> WHAT NEEDS TO BE DONE
All the data that follows should be repeated exactly, without a single picture.

** INFORMATION PROVIDED follows **

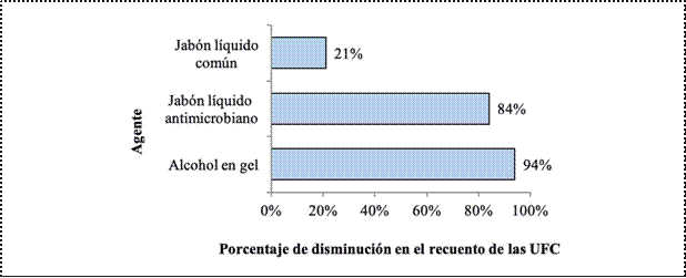 ninguna diferencia estadística entre el uso de preparaciones a base de alcohol y jabón
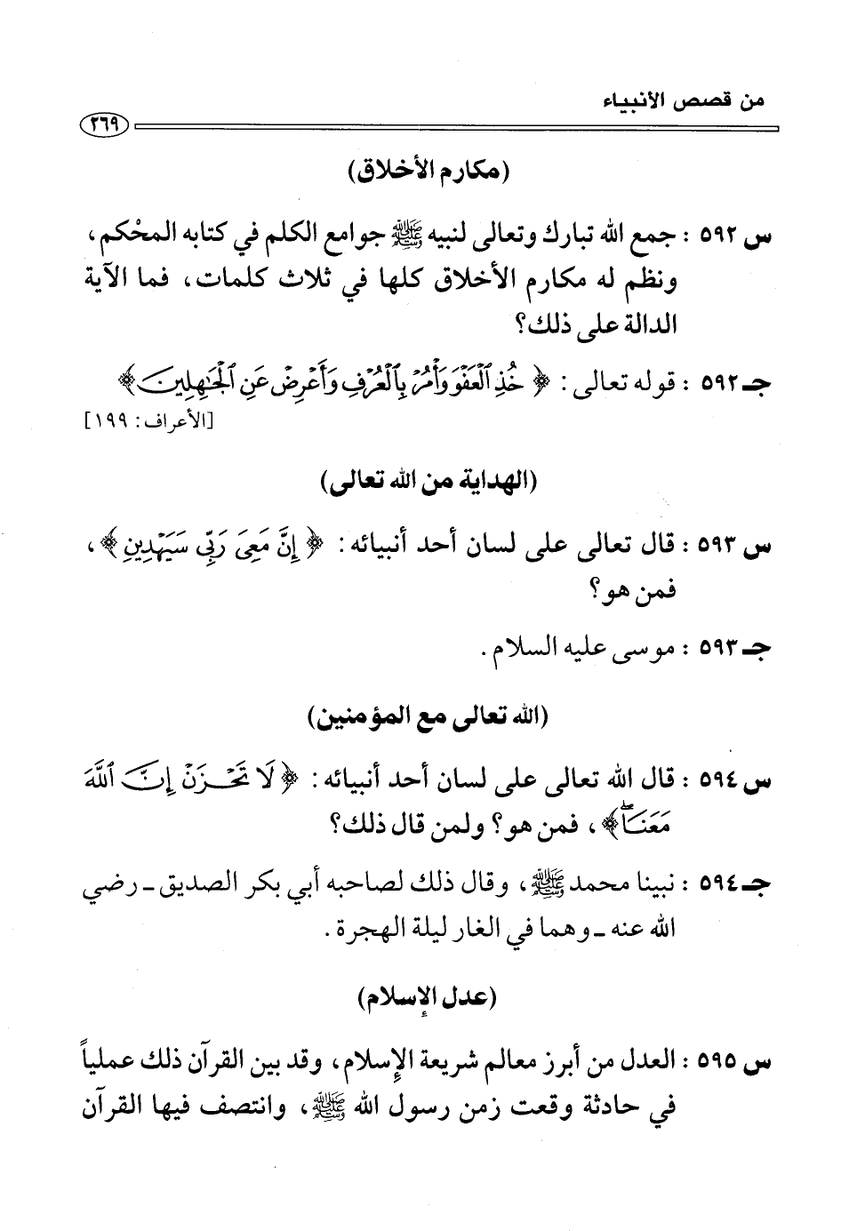 (س 592:) جمع الله تبارك وتعالى لنبيه صلّى الله عليه وسلّم جوامع الكلم في كتابه المحكم، ونظم له مكارم الأخلاق كلها في ثلاث كلمات، فما الآية الدالة على ذلك؟
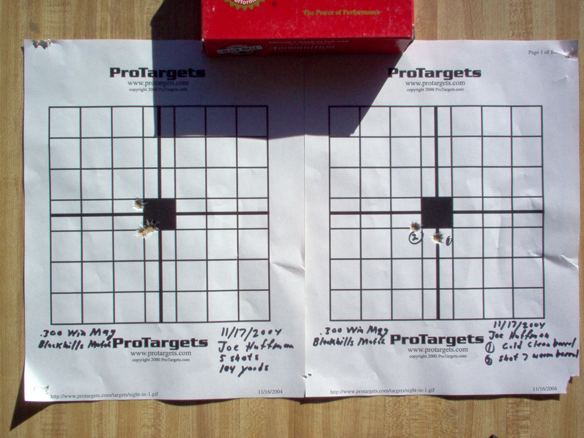 One shot from a clean cold barrel on one target. Five shots on a second target. Another shot on the first target from the warm barrel.

** End of INFORMATION PROVIDED **

> SOLVED PROBLEM
 ninguna diferencia estadística entre el uso de preparaciones a base de alcohol y jabón
 (س 592:) جمع الله تبارك وتعالى لنبيه صلّى الله عليه وسلّم جوامع الكلم في كتابه المحكم، ونظم له مكارم الأخلاق كلها في ثلاث كلمات، فما الآية الدالة على ذلك؟
 One shot from a clean cold barrel on one target. Five shots on a second target. Another shot on the first target from the warm barrel.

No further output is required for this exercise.